I think I get the "centralise" argument, but we may see that Linux file server grow to be 30-40TB over the next few years and even whilst it won't all need backing up I would be concerned if the folks using it do a job that generates a huge amount of data as we just don't have 10GbE everywhere yet so I can't help but think that being able to throw a £2.5k autoloader on that server directly just to deal with that one box may be simpler but I'm very open to reasons for and against.


10GbE is relatively cheap if you only apply it to the machines that you actually need it on - look to Huawei Cloudengine 6800s if you want to start thinking about TRILL and distributed routing (https://tools.ietf.org/html/draft-ietf-trill-irb-10) which is a huge win for campus and datacentre work, or a cheaper 10GB base switch such as the S6800 if you can't justify this (Hint: List price is one thing but discounts are always available and Huawei's stuff is 1/2 the price of Cisco already, plus has greater capabilities built in for the price - cisco will nickel and dime at every step, including maintenance charges)

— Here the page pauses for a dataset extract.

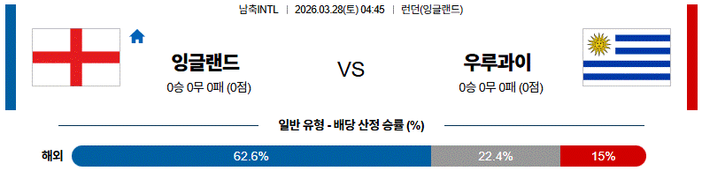 잉글랜드는 공격 자원의 다양성과 빠른 전개를 바탕으로 경기 주도권을 가져갈 수 있는 팀이며, 우루과이는 수비 조직력과 역습을 통해 변수 창출이 가능한 전력을 갖추고 있습니다.
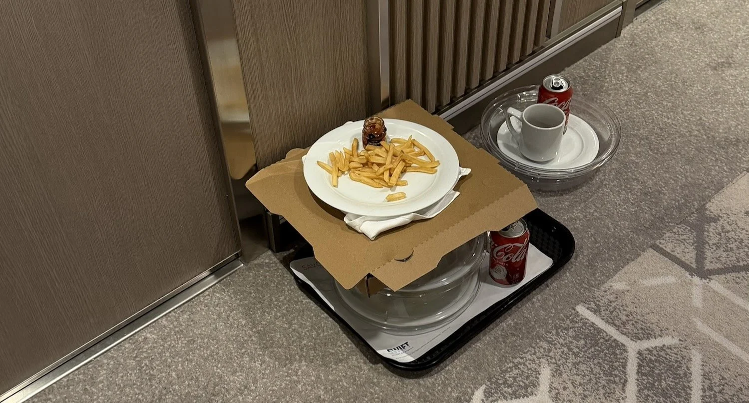 On my way to the elevators, I see dirty dishes stacked up in the hallway. Unfortunately, this is an all too common sight. We asked our room steward, Dominick, whether or not people who order room service should call room service back to pick up the dirty dishes. He said that, since the room stewards are usually the ones who deliver room service orders, the room steward should be called by the guest to pick up the dirty dishes. However, there may be a problem with that arrangement. NCL has gone to one service of the cabin per day (except in The Haven which still has two daily). If you order room service after your room steward has finished for the day, it is up to the crew working at Room Service to pick up the dirty dishes. Dominick tells us that pick up seldom happens, thus the dirty room service dishes stacked in the hallway.

Incremental backups mean that most daily backups are small(ish). 1Tb will backup in 6-7 hours if you set things up properly but once you start spooling, you'll find that 2 1Tb backups run in the same time (one spooling up whilst one despooling to tape)

More importantly - if you're spending money on a tape library then you'll get more bang for the buck to spend more money on one unit than to buy extra units or standalone drives dedicated to other purposes. A tape drive attached to a single machine can only be used on that machine whilst one in a changer can be used for a group of them. It doesn't make much sense from a logistical or economics point of view to not centralise tape systems.

The SSD speed delta makes sense, with our current backup product there is a similar database and their spinning disk requirement was insane vs. a single SSD (their database is disposable worst case, though it's still backed up daily to avoid grief).  We'd backup the database with Bacula too.


From an absolute point of view, bacula's database is disposable too - but if you want to restore anyhting less than a full backup file it's the difference between running an entire backup set vs skipping to the parts actually needed - and recovering it means running every single tape in order to find what's on them.

We dump the database every day and copy off to another machine. It's regarded as that critical.

In our case the SSD is Intel S3500 which is "enterprise" grade by most definitions, we have one free 2.5" bay in the server should another be needed to RAID up, or I guess we have internal options - the box wasn't purchased with Bacula specifically in mind, plans have changed a little.


plans always do.

The point about raiding is that even enterprise drives fail - and "enterprise drives" tend to be designed from the outset to be used in RAID configuration, so their ERC setup allows them to mark blocks bad quickly and move to the next request, letting the RAID recover what's lost - vs consumer drives which try very hard to recover data when they encounter badblocks.

Bearing that in mind, plus the criticality of the database and the requirement to have low seek latency for inserts, a raid1 pair is the best solution.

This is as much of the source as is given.